Even before they learn to read and write, children can manipulate images. Tablet computers with touch-sensitive screens are ideal for lining up simple commands, which is exactly what programing is all about, said Mitchel Resnick, co-developer of a code-learning program called Scratch Jr.

“Each block tells the character what to do. You snap the blocks together, and you've made a computer program," he said. "Each block has a different behavior. This block makes the cat go to the right. This one makes the cat jump. By snapping them together I make a computer program that makes it move and then jump. That's what coding is all about, putting together sequences of actions."

“It's pretty fun because, you can do, like, almost anything on it,” said seven-year-old Talia Levitt.

It is up to parents to decide how much time their children spend exposed to modern technology. But, as Sandra Calvert, Director of Children's Digital Media Center at Georgetown University, notes, it's all around us.

"We live in the digital age," she said. "Just as it's a worry that there may be too much screen time, there is also a concern that our children will be left behind if they don't know how to use the technologies that are going to shape 21st century careers, jobs and how we are going to succeed as a nation.”

At so-called “maker spaces” in Beijing, children between four and 15 also use tools and machines, such as 3-D printers, to create various projects. They are part of the so-called “maker movement” that started in the U.S. but quickly spread to other countries, connecting people who like to make things with their hands.

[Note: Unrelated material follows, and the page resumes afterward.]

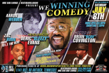 BeatsBarsLaughs presents - "We Winning" Comedy Show - Saturday, July 8, 2017 @ 9ine Bar\Lounge 1142 Bell Road, Antioch, TN. Headlined by Derrick "Sleezy" Evans, performing - Zacboog from 101.1, Eran Webber, hosted by Brian BCov Covington. Doors open at 6:30pm, show starts at 7:30pm.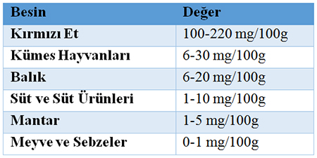 Farkında olunmasa da l-karnitin diyetimizin bir parçasıdır. Gıdaların çoğunda farklı oranlarda bulunmakta ve gün içerisinde devamlı olarak tüketilmektedir. Kırmızı et (örneğin: kuzu eti, geyik eti ve dana eti) l-karnitin açısından zengindir. Balık, kümes hayvanları, süt ve anne sütü daha küçük miktarlarda l-karnitin içerirken, bitkisel besinler yok denecek kadar az miktarlarda l-karnitin içermektedirler (3). Besinlerle birlikte alınan L-karnitin miktarı günlük 60 ile 200 mg arasında değişmektedir (1). Bu değer vejetaryenlerde çok daha düşüktür. Tablo 1’ de günlük tüketilen besinlerin karnitin değerleri verilmiştir.

One of the movements’ pioneers, Wang Shenglin, said the trend appeals to the younger generation.

“The old generation is like: ‘in the morning, we go to work.’ The young generation, we see them, they start trying, trying so hard to do what they love. I think that is the difference,” he said.

It goes against tradition in China not to follow the crowd, but young entrepreneurs like 24-year-old Huang Weijie want to change things.

“Our generation thinks that we really need to do something we like in order to innovate," he said. "To us, we are as capable as foreigners. Why they can do something and we could not?”

Huang said Chinese will have to learn that although opening a private business includes the possibility of failure, his generation will have wider experience of the world, so they will be prepared to make mistakes and learn from them.